Below is my forest fraction layer (just for your reference).

Thank you for your assistance

[Hrekhani97]

Hi, I think I figured it out. We need to replace the null values with the global mean values of Kc, Kg, and Km.

Thank you for your assistance.

Best regards

[StefaniaGrimaldi]

Dear @Hrekhani97, your understanding is correct. OS LISFLOOD does not accept No Data within the modelling domain. As explained here https://ec-jrc.github.io/lisflood-code/4_Static-Maps_land-use-depending/, the recommended solution is to use mean values (computed by excluding all nil Kc, Kg and Km values, respectively) for pixels where the specific land cover class is not present. We will be pleased to provide further assistance, kind regards, on behalf of the developers team, Stefania

[Hrekhani97]

Dear @StefaniaGrimaldi,

Could you please provide some additional clarification on the following point?

When developing land use-dependent layers, we primarily consider three land use fractions: forest, irrigated crops, and other LULC types. Therefore, when calculating the Manning's coefficient for these three land use classes, we do not take built-up areas/sealed surfaces into account, correct? However, when it comes to flood modeling, the Manning's roughness of sealed surfaces plays a significant role specially during a flood event correct?

If I understand correctly, we are assuming that approximately 25% of the sealed surfaces are permeable.
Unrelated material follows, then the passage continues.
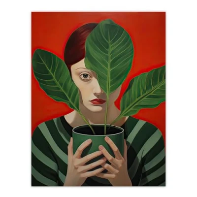 Artery8 Gift of Calathea Woman Plant Portrait Green and Red Large Wall Art Poster Print Thick Paper 18X24 Inch

With this in mind, would it be appropriate to categorize this portion under a under other landuse class when defining the manning coefficient?
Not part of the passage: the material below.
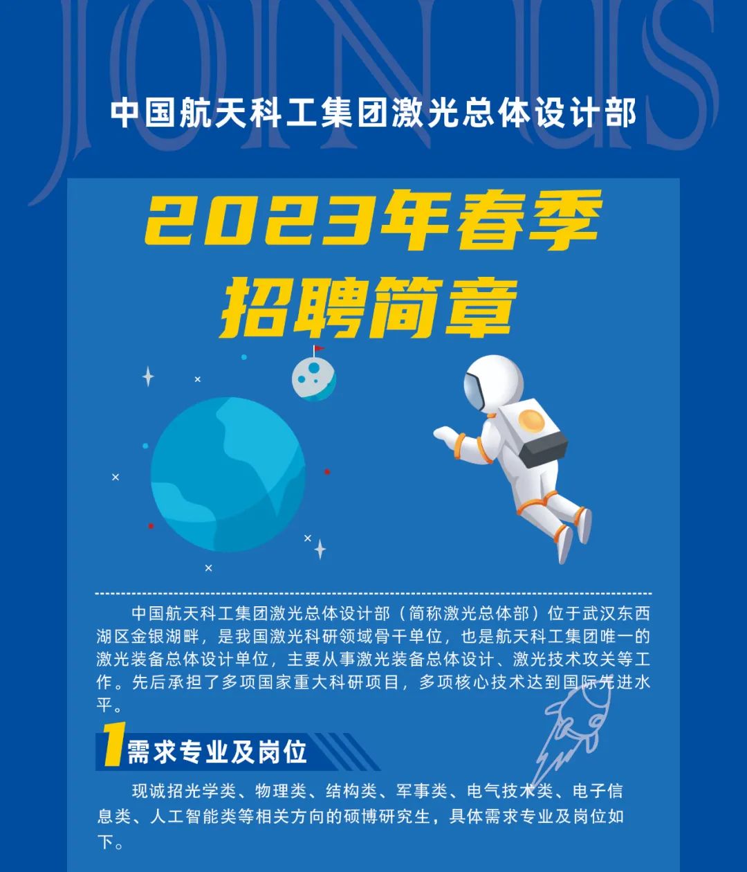 校园招聘 | 虚位以待!中国航天科工集团激光总体设计部2023年春季招聘正式启动

How do the model accurately incorporate surface roughness details for sealed surfaces in our calculations?

Thank you for your continuous support. I look forward to your guidance on this matter.

[StefaniaGrimaldi]

Dear @Hrekhani97,

OS LISFLOOD computes surface routing for sealed surfaces (included in the direct runoff fraction) in this module: https://github.com/ec-jrc/lisflood-code/blob/fe94c33b6bd9fe09fa7be43a6dd4fdc8a11f744c/src/lisflood/hydrological_modules/surface_routing.py

The Manning's roughness coefficient for sealed surfaces is set equal to 0.02 in this line (this value is applied to all pixels within the computational domain): https://github.com/ec-jrc/lisflood-code/blob/fe94c33b6bd9fe09fa7be43a6dd4fdc8a11f744c/src/lisflood/hydrological_modules/soil.py#L140

The use of a different value or of an input map requires small edits to the source code. In the first case, you will only need to edit the line above by replacing the current value. In the second case (i.e. if you wish to use a map), you will need to prepare a map, add the corresponding key in the .xml settings file, and edit the source code to enable the use of the new input file.

Regarding your question on the permeable fraction of urban areas, you correctly understood the assumption explained in https://ec-jrc.github.io/lisflood-code/4_Static-Maps_land-use/, and your proposed solution is appropriate.

I hope that this answer helps, kind regards, on behalf of the developers team, Stefania

[Hrekhani97]

Dear @StefaniaGrimaldi, Thank you for your clarification. I am currently preparing the soil hydraulic property layers using the provided pedotransfer functions. I referred to the reference article you mentioned in the methodology (Toth et al. (2015)), and it appears that these PTFs are specific to the European region. In this context, would it be appropriate to use the same PTFs to derive soil hydraulic properties for South Asian countries, such as Sri Lanka?

I have another question: The original bulk density values downloaded from ISRIC are in units of 'cg/cm³'. To apply the PTFs, we need to convert these values to 'g/cm³', correct? Additionally, are there any other soil data layers that require unit conversion before applying the PTFs?

Thank you for your continuous support. I look forward to your guidance on this matter.